Information About the Board of Directors and Its Committees

The Board of Directors of Seacoast held nine meetings during 1999. All directors attended at least 75% of the total number of meetings of the Board of Directors and attended at least 75% of the meetings of the Board committees on which they served. Seacoast's Board of Directors has two standing committees:
the Salary and Benefits Committee and the Audit Committee, both of which serve the same functions for the Bank.

In addition, the Bank's Board of Directors has the following standing committees: Executive Committee, Investment Committee, Trust Committee and the Directors Loan Committee. Such committees perform those duties customarily performed by similar committees at other financial institutions.

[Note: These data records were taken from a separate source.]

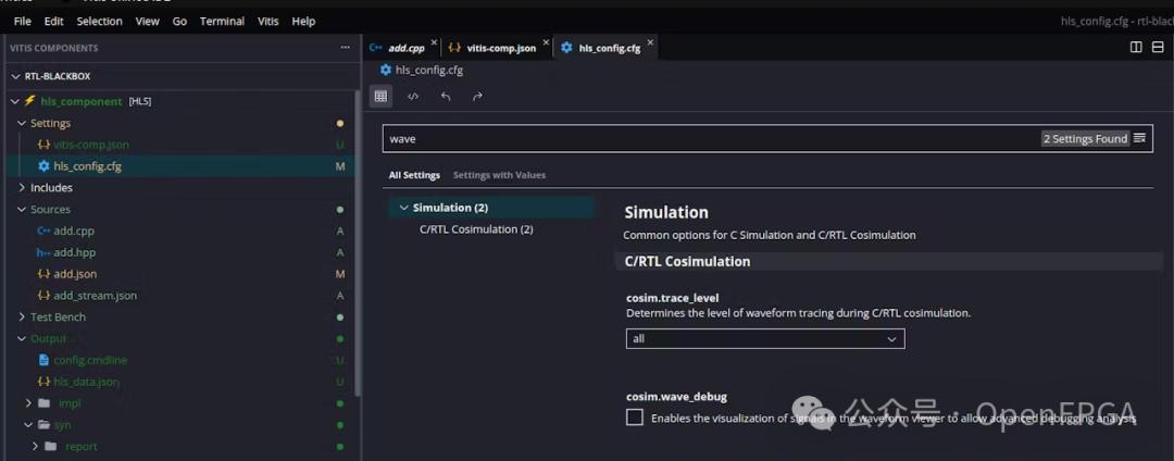 單擊 hls_config.cfg 文件,在 Vitis GUI 的幫助下將 cosim.trace_level 更改為全部并運行聯(lián)合仿真。
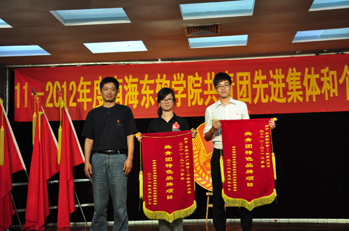 庄严的会场里响彻青春的激昂旋律,鲜艳的共青团团徽在灯光下熠熠生辉,伴随着激扬的团歌,院团委2011--2012年度先进集体与个人表彰大会正式拉开帷幕。首先由石明罡书记的宣读《2011—2012年度英国beat365官方网站共青团年先进集体和个人的决定》,接着由各位与会领导为受到表彰的集体和个人颁发了锦旗、荣誉证书。
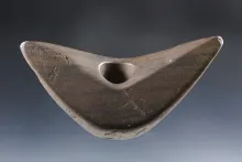Beautifully scooped bottom on this 3 13/16" drilled Boatstone - black Banded Slate. Ohio. OHIO 2,100.00
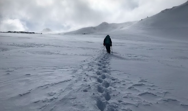 平日だが登山口からトレースがしっかりついていた。しかし勢至平分岐からはトレースが弱くなっており稜線に出ると強風でトレースがかき消され表面のわずかな凹凸を頼りに進んだ。樹林の上に積もったゆかゆかの雪に足をとられ腰まで雪に埋まってしまう事もあり、やはりわかんは持っていくべきだった。ラッセルの為コースタイムを45分オーバーした事と、夕方から天気が崩れる予報を考慮して14時半峰の辻にて登頂を見送る事に決めた。くろがね小屋に向かう道はトレースがしっかり残っていた。
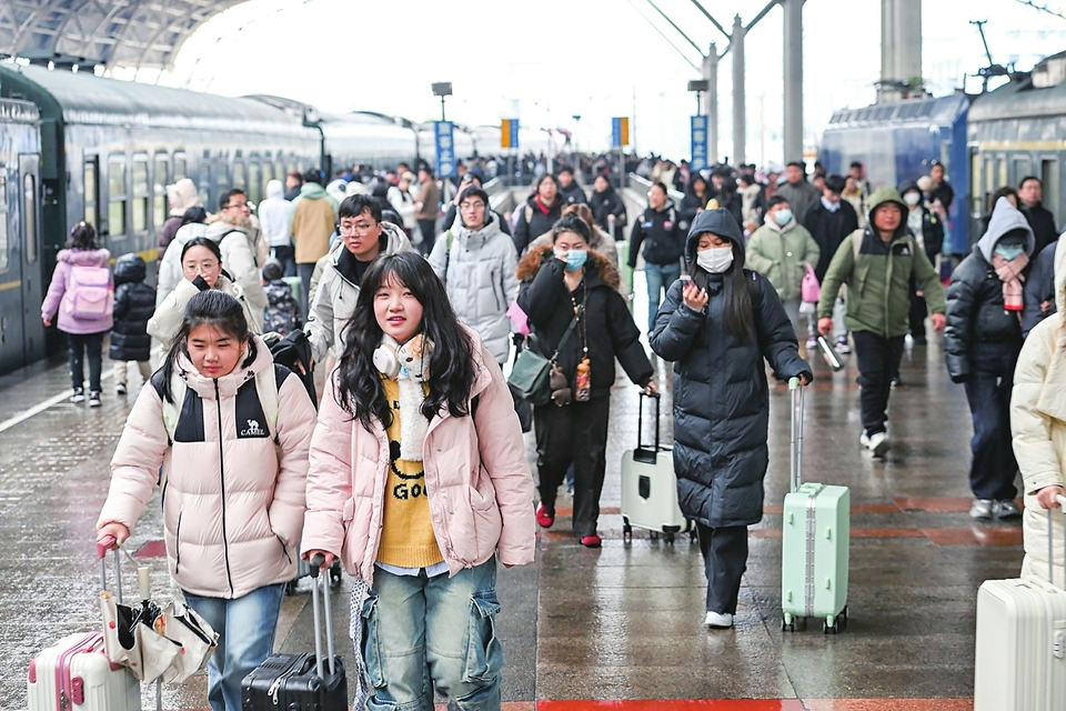 2026年1月1日,旅客抵达南京火车站。新华社发(杨素平 摄)
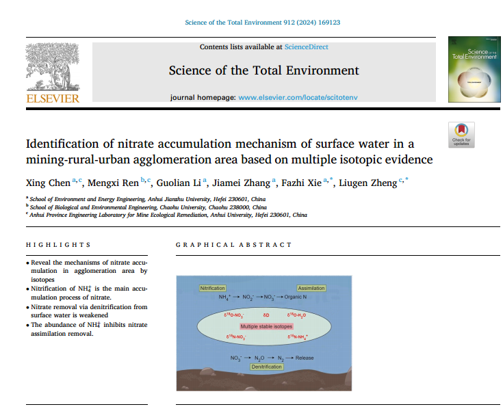 近日,中心研究人员任梦溪博士与安徽建筑大学陈星博士合作,在基于多重同位素证据的地表水硝酸盐积累机制研究中取得新进展,相关成果以“Identification of nitrate accumulation mechanism of surface water in a mining-rural-urban agglomeration area based on multiple isotopic evidence”为题发表在国际权威期刊《Science of the Total Environment》(中科院一区/Top期刊,IF:9.8)。
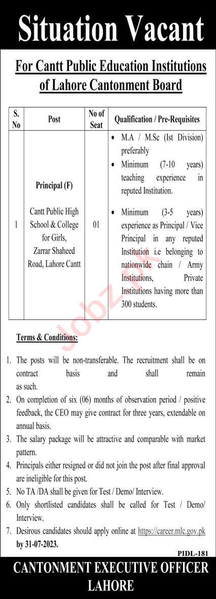 Latest Cantt Public Educational Institution Education Posts Lahore 2025
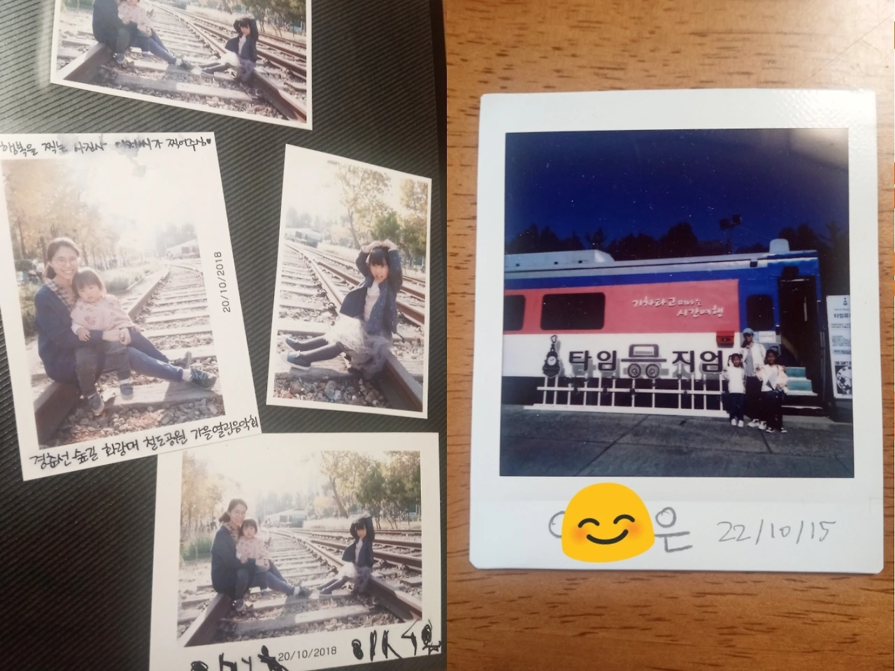 딱 4년 전에 열린 음악회를 한다 하여 여기 왔었는데, 자신을 '행복을 찍는 사진사'라며 사진을 찍어 즉석으로 인화해 주는 아저씨가 계셨다. 누구에게 후원을 받거나 기관에서 나온 것이 아니라 순전히 이웃의 행복한 순간을 남겨주고 싶은 기쁨에 이 일을 한다던 그 분이 선사한 감동은 사진 넉 장과 함께 사진첩에 고이 모셔 두었다. 그런데 오늘 반갑게도 가족끼리 첫번째 미션이 사진 찍기이다. 배경을 골라 서면 즉석사진을 찍어주겠다 한다. 가로세로 6cm 남짓 되려나? 무궁화호 앞에 선 우리 셋은 자그마하여 표정은 보이지조차 않는다. 그러나 브이한 손가락 위의 얼굴에는 미소와 설레임이 깃들어 있음이 충분히 전해진다.
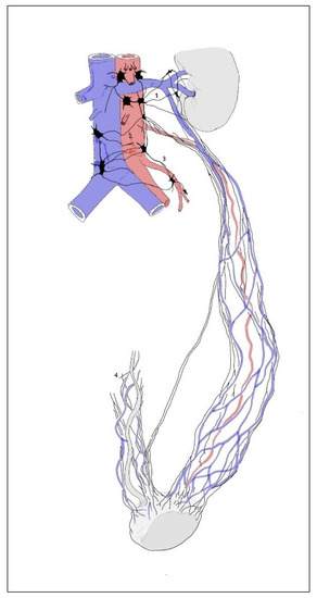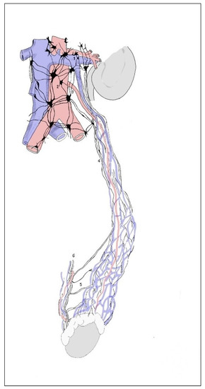 - Beveridge, T.S.; Johnson, M.; Power, A.; Power, N.E.; Allman, B.L. Anatomy of the nerves and ganglia of the aortic plexus in males. J. Anat. 2015, 226, 93–103. [Google Scholar] [CrossRef]
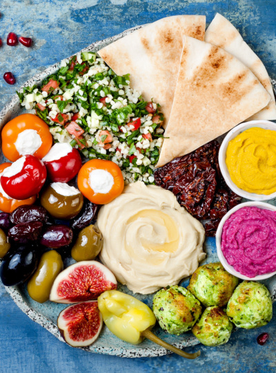 Breads and dips like taramasalata, tzaziki, or hummus

The Company's Salary and Benefits Committee is comprised of Messrs. Crary (Chairman), Bohner, Bruner, Furst, Dennis S. Hudson, Jr. and Santarsiero. This Committee has the authority to determine the compensation of the Company's and the Bank's executive officers and employees, and administers various of the Company's benefit and incentive plans. This Committee has the power to interpret the provisions of the Company's Profit Sharing Plan, Employee Stock Purchase Plan, the Seacoast Banking Corporation of Florida 1991 Stock Option and Stock Appreciation Right Plan (the "1991 Incentive Plan"), the Seacoast Banking Corporation of Florida 1996 Long-Term Incentive Plan (the "1996 Incentive Plan") and the Non-Employee Directors Stock Compensation Plan (the "Directors Stock Plan"). One meeting was held by this Committee in 1999. See "Salary and Benefits Committee Report."

The Audit Committee recommends on an annual basis to the Board of Directors a public accounting firm to be engaged as independent auditors for Seacoast for the next fiscal year, reviews the plan for the audit engagement, and reviews financial statements, the internal audit plans and reports financial reporting procedures and reports of regulatory authorities. This Committee periodically reports to the Board of Directors. This Committee is comprised of Messrs. Bruner (Chairman), Fogal, and Santarsiero and it held five meetings in 1999.

The entire Board of Directors serves as the Nominating Committee for the purpose of nominating persons to serve on the Board of Directors. While nominees recommended by shareholders may be considered, this Committee has not actively solicited recommendations (nor established any procedures for this purpose). The Board held two meetings in its capacity as the Nominating Committee during 1999.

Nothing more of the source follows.